# Forum About Russia Society  пить чай из блюдца

## sperk

Обычай пить чай из блюдца современный, уже устаревший, или только в деревни.
Спасибо

----------


## Звездочёт

Хм... Я уже давно из блюдца чай не пил, отвык. Но нужно признать, что так, почему-то, вкуснее. А ещё так здорово (жаль, что не прилично   ::  ) пошвыркать -- ещё вкуснее! В деревне я пил даже не чай, а заваренную смесь из мяты, мелиссы, листьев чёрной смородины и малины. Давно это было... Даже не знаю, можно ли теперь где-то в городе увидеть, как чай из блюдца пьют.

----------


## Оля

> Обычай пить чай из блюдца современный, уже устаревший, или только в деревне?
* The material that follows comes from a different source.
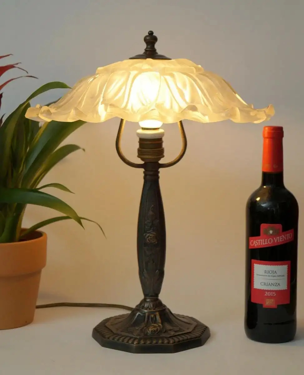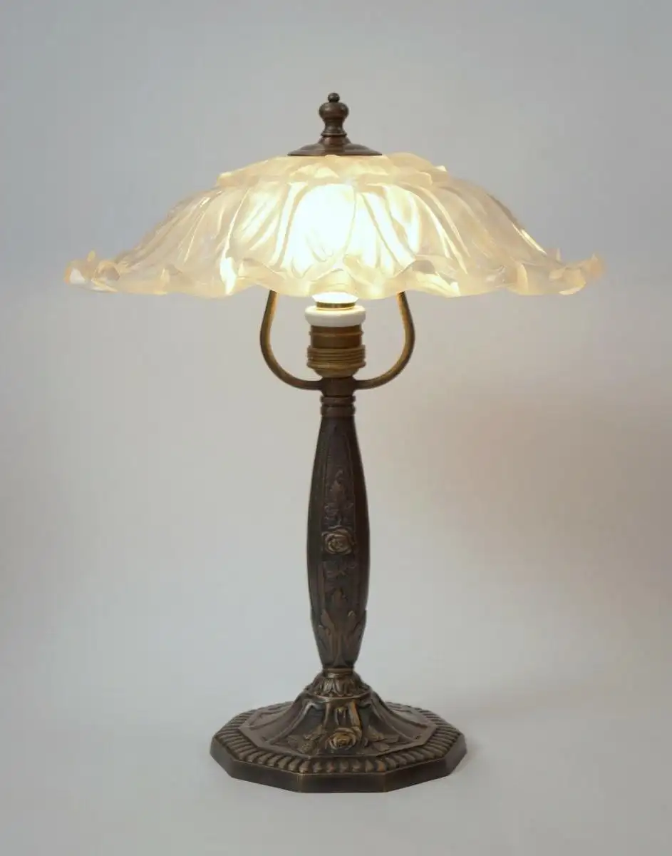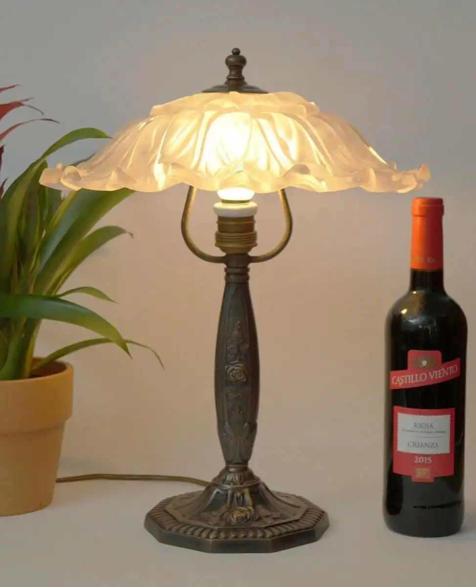 Jugendstil Art Deco Messing\nUnikat, ca. 1960er, Messing-Montur, Gesamthöhe ca. 42 cm, neue Elektrik\nWunderschöne, unikate Jugendstil/Art Deco Messinglampe. Ca. 1960er - 1970er Jahre - nicht antik - bitte beachten! Dunkelbraun patinierte Messing-Montur mit schönem Blüten-Dekor. Seltenes Jugendstil Glas, satiniert. Gesamthöhe ca. 42 cm, Gesamtbreite ca. 35 cm. Komplett erneuerte elektrische Installation. PCV-Zuleitung mit Schnur-Zwischenschalter. Antike E27 Messing-Fassung mit Porzellankragen, bis max. 40 Watt. Wir empfehlen LED-Leuchtmittel! Kleinteile wie Schrauben oder Unterlegscheiben wurden erneuert!

 Я в детстве любила пить чай из блюдца.  ::  И я не из деревни.   ::

----------


## Ramil

Когда мне наливали горячий чай, я его наливал в блюдце - так он быстрее остывал и можно было не бояться обжечься.
Чай из блюдца пьют сейчас только дети. 
Хотя вот:
Б. Кустодиев. Купчиха за чаем. 1918 г.

----------


## Wowik

> А ещё так здорово (жаль, что не прилично   ) пошвыркать -- ещё вкуснее!

 Пишут, что в Непале (и Индии, наверно) правила приличий требуют издавать звуки при еде, а то хозяева подумают, что вам не вкусно. Нас никто к себе не пригласил, так что проверить не имел возможности. 
В детстве пили чай из блюдечка, ибо пить горячий иначе не умели.

----------


## Звездочёт

О, точно! Нужно в Непал ездить, чай пить!  ::

----------


## Wowik

> О, точно! Нужно в Непал ездить, чай пить!

 Вообще-то, там в горах, чай как суп готовят, с мукой, маслом/жиром и молоком, но для европейцев они и по-европейски заварят, из пакетика  :: . И если попросите лимона, дадут лайм.

----------


## Lusya

Обычай устаревший. Бабушка моя пила из блюдца и я в детстве когда у неё гостила и ещё с сахаром вприкуску))

----------


## Basil77

Я, хотя родился в городе и всю жизнь тут живу, в детстве тоже всегда из блюдца пил, один раз увидев, что так пьёт моя бабушка в деревне. А мама на меня всегда ругалась за это и всячески отучала, говорила что это, мол, некультурно и всё такое.

----------


## Ленивец

> Обычай пить чай из блюдца - современный, уже устаревший, или только в деревн[s:3btgcdro]и[/s:3btgcdro]*е* [s:3btgcdro].[/s:3btgcdro]? Спасибо.

----------


## BappaBa

Сейчас большинство народа пьет чай не из чашки   
а из кружки   
А я купил себе на аукционе советский подстаканник. =)

----------


## Lampada

> Сейчас большинство народа пьет чай не из чашки 
> а из кружки  
> А я купил себе на аукционе советский подстаканник. =)

 А тонкий стакан для этого подстаканника у тебя есть?
Я тоже пью чай из кружки, только у меня большая стеклянная.

----------


## Crocodile

> А я купил себе на аукционе советский подстаканник. =)

 Прикол. А щипчики для кускового сахара уже есть?

----------


## Оля

> Прикол.

 А у меня таких штуки четыре.  :P 
Даже и не помню откуда.

----------


## Crocodile

> А у меня таких штуки четыре.  :P

 Бес стяжательства?   ::

----------


## gRomoZeka

Ничего себе...  ::  А я никогда не пила чай из блюдца, наверное, потому что у меня бабушка не из деревни (она тоже из блюдца не пьет). 
Когда я была маленькая, чтобы чай быстрее остыл, его переливали несколько раз из кружки в кружку или оставляли там ложечку, а потом убирали.   ::

----------


## BappaBa

> А тонкий стакан для этого подстаканника у тебя есть?

 Да, настоящий советский тонкостенный стакан с полосками. =)     

> Прикол. А щипчики для кускового сахара уже есть?

 Это уже пижонство. =) 
Теперь хочу прикупить настольную лампу как у Сталина. =) Дороговато, однако. 70 000 в хорошем состоянии.

----------


## it-ogo

Зажрамшись.   ::

----------


## Crocodile

> Originally Posted by Crocodile  Прикол. А щипчики для кускового сахара уже есть?   Это уже пижонство. =)

 Ну как же?!! А чем сахар колоть будешь?   ::

----------


## Lusya

А я, кстати, жалею, что из самовара чай не пила никогда   ::

----------


## BappaBa

Самовар - вещь!!!
=)    

> А чем сахар колоть будешь?

 Я с вареньем люблю, вишневым. =)

----------


## Crocodile

> Самовар - вещь!!!

 Тут у меня друг недавно притаранил самовар на дровах. Мы его, как положено, заправили деревом, добавили шишек, все дела...   ::

----------